In recent years, the amount of computation being invested into machine learning
(ML) and deep learning (DL) training has multiplied by several orders of magnitude.
Under these conditions, elasticity—the ability of a system to dynamically adapt to
changing supply and demand of compute resources over time—is a key ingredient
for efficient resource management. Elasticity has long been proven to improve the
resource utilization, execution performance, and fault tolerance of traditional applications such as web services and big data processing. However, elastic ML training
is a relatively new area of interest, and faces different challenges from traditional
applications due to ML training’s highly sub-linear resource scalability, diverse execution patterns and strategies, and dependence between distributed workers.

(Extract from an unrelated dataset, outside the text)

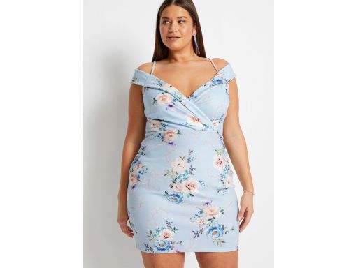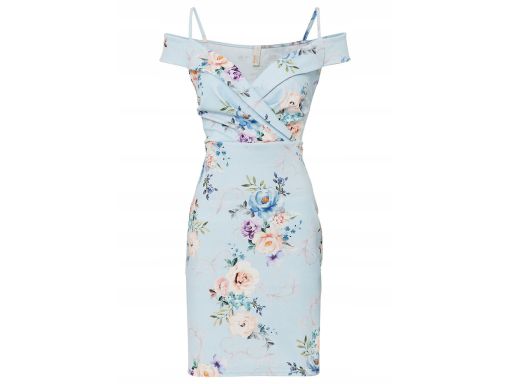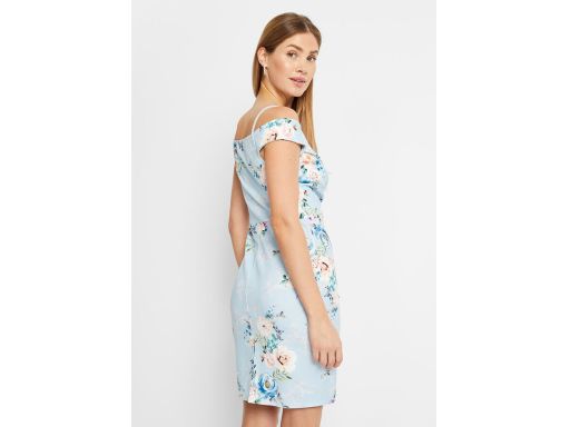 B.P.C błękitna sukienka w kwiaty z odkrytymi ramionami 40/42.

This thesis steps beyond the existing early work in elastic ML by employing
co-adaptation, i.e. combining both system-level and application-side adaptations, to
better adapt to dynamic compute resources. Although previous frameworks can enable elasticity by relying on system-level implementations, they ignore the inherent
resource adaptability of ML training that can be leveraged to better overcome the
aforementioned challenges. We present the design, implementation, and evaluation
of three elastic systems for ML that improve DL training time in shared GPU clusters by 37-50%, enable elasticity for a diverse set of ML training applications, and
reduce the impact of resource failures by 78-95%.